Instructions to follow ▸ Skip every picture, then write out exactly the lines of the listing below from the line that contains "наклеивать много раз!" through the final line.

Stored data ▸
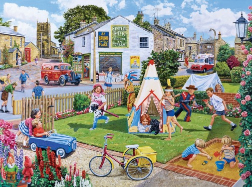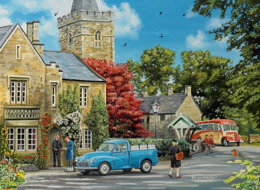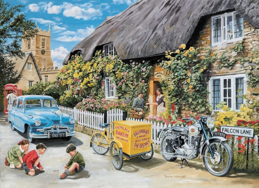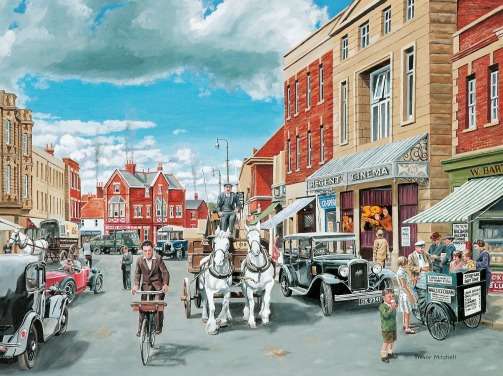 colourful bygone era wallpaper mural called The Village High Street by Trevor Mitchell for care homes
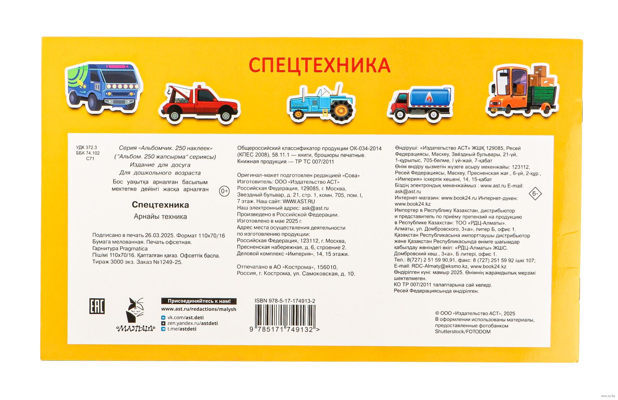 "Спецтехника" – это более 250 стикеров и 6 страниц цветных фонов для безграничной детской фантазии. Играя с книжкой, мальчишки познакомятся с автомобильной техникой, узнают названия машин-помощников. Весёлые уроки окружающего мира развивают воображение, память и внимание, способствуют развитию речи, зрительного восприятия и мелкой моторики. Книга с мелованными страницами отличного качества – поэтому стикеры можно наклеивать много раз!
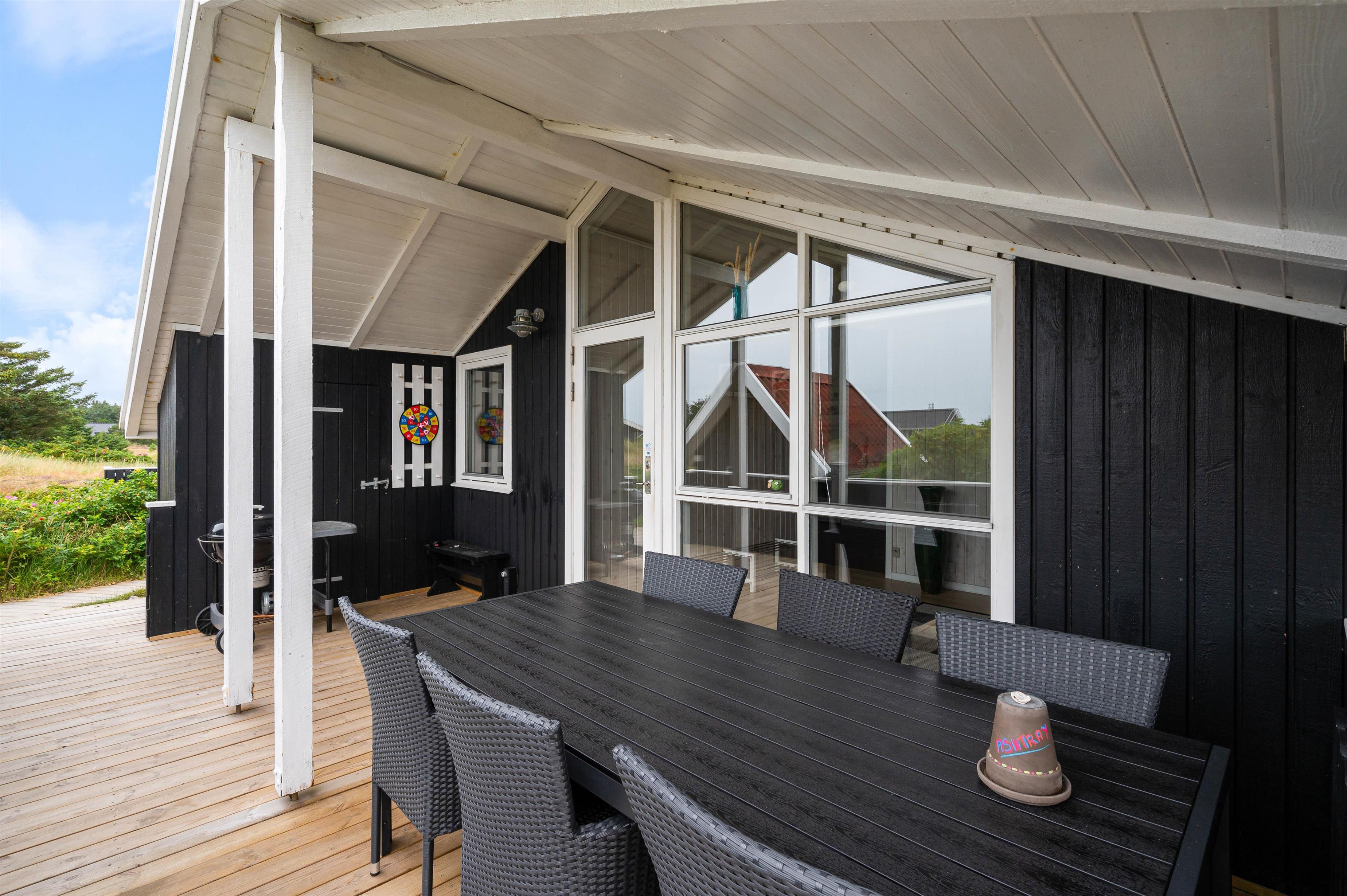 På den brede træterrasse, som løber omkring feriehuset, kan I rykke rundt efter sol og vind. Tag solbad på liggestolene eller slap af i havemøblerne - Der er mange kroge, så I altid kan finde en god plet at opholde jer på. Tænd op i grillen til aften og nyd et lækkert grillmåltid sammen. Bagefter kan I nå en tur til Vesterhavet, hvor I kan betragte solnedgangen. En solnedgang i Vesterhavet er altid en oplevelse – uanset vejret.

Written response ▸
 "Спецтехника" – это более 250 стикеров и 6 страниц цветных фонов для безграничной детской фантазии. Играя с книжкой, мальчишки познакомятся с автомобильной техникой, узнают названия машин-помощников. Весёлые уроки окружающего мира развивают воображение, память и внимание, способствуют развитию речи, зрительного восприятия и мелкой моторики. Книга с мелованными страницами отличного качества – поэтому стикеры можно наклеивать много раз!
 På den brede træterrasse, som løber omkring feriehuset, kan I rykke rundt efter sol og vind. Tag solbad på liggestolene eller slap af i havemøblerne - Der er mange kroge, så I altid kan finde en god plet at opholde jer på. Tænd op i grillen til aften og nyd et lækkert grillmåltid sammen. Bagefter kan I nå en tur til Vesterhavet, hvor I kan betragte solnedgangen. En solnedgang i Vesterhavet er altid en oplevelse – uanset vejret.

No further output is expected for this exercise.